We'll install Python 3.10 using the deadsnakes PPA, which provides Python versions for Ubuntu.

In [None]:
%%bash
# Install Python 3.10 from deadsnakes PPA
echo "📦 Installing Python 3.10..."
echo "This will take about 1-2 minutes..."
echo ""

# Add deadsnakes PPA
apt-get update -qq
apt-get install -qq software-properties-common
add-apt-repository -y ppa:deadsnakes/ppa

# Install Python 3.10 and required packages
apt-get update -qq
apt-get install -qq python3.10 python3.10-venv python3.10-dev python3.10-distutils

# Install pip for Python 3.10
curl -sS https://bootstrap.pypa.io/get-pip.py | python3.10

echo ""
echo "✅ Python 3.10 installation complete!"

# Verify installation
echo ""
echo "Verification:"
python3.10 --version
python3.10 -m pip --version

## Step 3: Create Python 3.10 Virtual Environment

In [None]:
%%bash
# Create a virtual environment with Python 3.10
echo "🔧 Creating Python 3.10 virtual environment..."

# Create venv
python3.10 -m venv /content/cosmos_env

# Activate and verify
source /content/cosmos_env/bin/activate
which python
python --version

echo "✅ Virtual environment created with Python 3.10"

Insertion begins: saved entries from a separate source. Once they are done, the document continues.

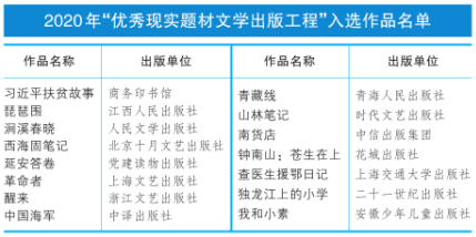 2020年“優(yōu)秀現(xiàn)實題材文學(xué)出版工程”入選作品名單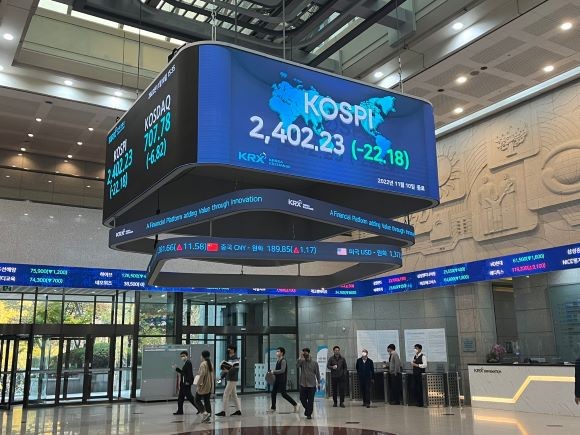 10일 서울 영등포구 여의도 한국거래소 전광판에 코스피 지수가 전장 대비 22.18p(-0.91%) 하락한 2402.23을 나타내고 있다. = 이정훈 기자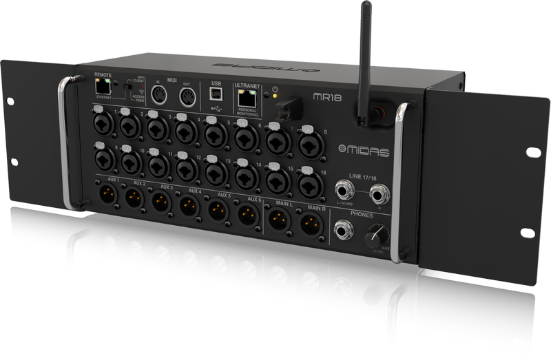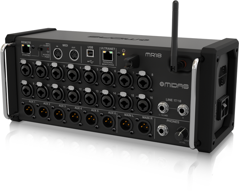 18-Input Digital Mixer for iPad/Android Tablets with 16 MIDAS PRO Preamps, Integrated Wifi Module and Multi-Channel USB Audio Interface. The MIDAS M32 completely redefined what is possible from a digital mixer – and thousands of users are enjoying the results. Now that technology has been incorporated into the small but powerful MR18 rack-mountable mixer, which will forever change the way you record and the way you play live music.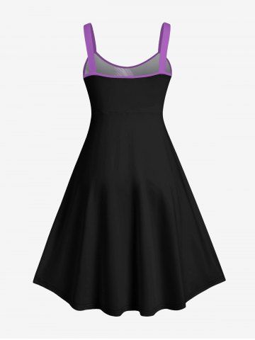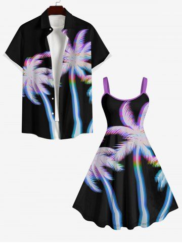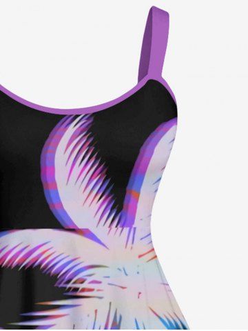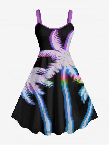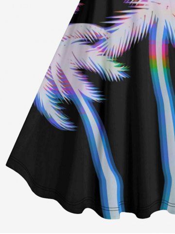 Plus Size Coconut Tree Neon Light Print Hawaii Tank Dress - Black - L

## Step 4: Install Cosmos-Predict2 in Python 3.10 Environment

In [None]:
%%bash
# Install packages using Python 3.10
echo "📦 Installing Cosmos-Predict2 and dependencies..."
echo "This will take 3-5 minutes..."
echo ""

# Use the virtual environment's pip
source /content/cosmos_env/bin/activate

# Upgrade pip
python -m pip install --upgrade pip setuptools wheel

# Install PyTorch with CUDA support
python -m pip install torch torchvision torchaudio --index-url https://download.pytorch.org/whl/cu121

# Install Cosmos-Predict2
python -m pip install "cosmos-predict2[cu126]" --extra-index-url https://nvidia-cosmos.github.io/cosmos-dependencies/cu126_torch260/simple

# Install additional dependencies
python -m pip install transformers accelerate bitsandbytes
python -m pip install decord einops "imageio[ffmpeg]" opencv-python-headless pillow

echo ""
echo "✅ Installation complete!"

## Step 5: Configure Jupyter to Use Python 3.10

In [None]:
# Configure the notebook to use Python 3.10 from our virtual environment
import sys
import os

# Add the virtual environment to sys.path
venv_path = '/content/cosmos_env'
python_path = f'{venv_path}/bin/python3.10'
site_packages = f'{venv_path}/lib/python3.10/site-packages'

# Update sys.path
if site_packages not in sys.path:
    sys.path.insert(0, site_packages)

# Set environment variables
os.environ['VIRTUAL_ENV'] = venv_path
os.environ['PATH'] = f"{venv_path}/bin:{os.environ['PATH']}"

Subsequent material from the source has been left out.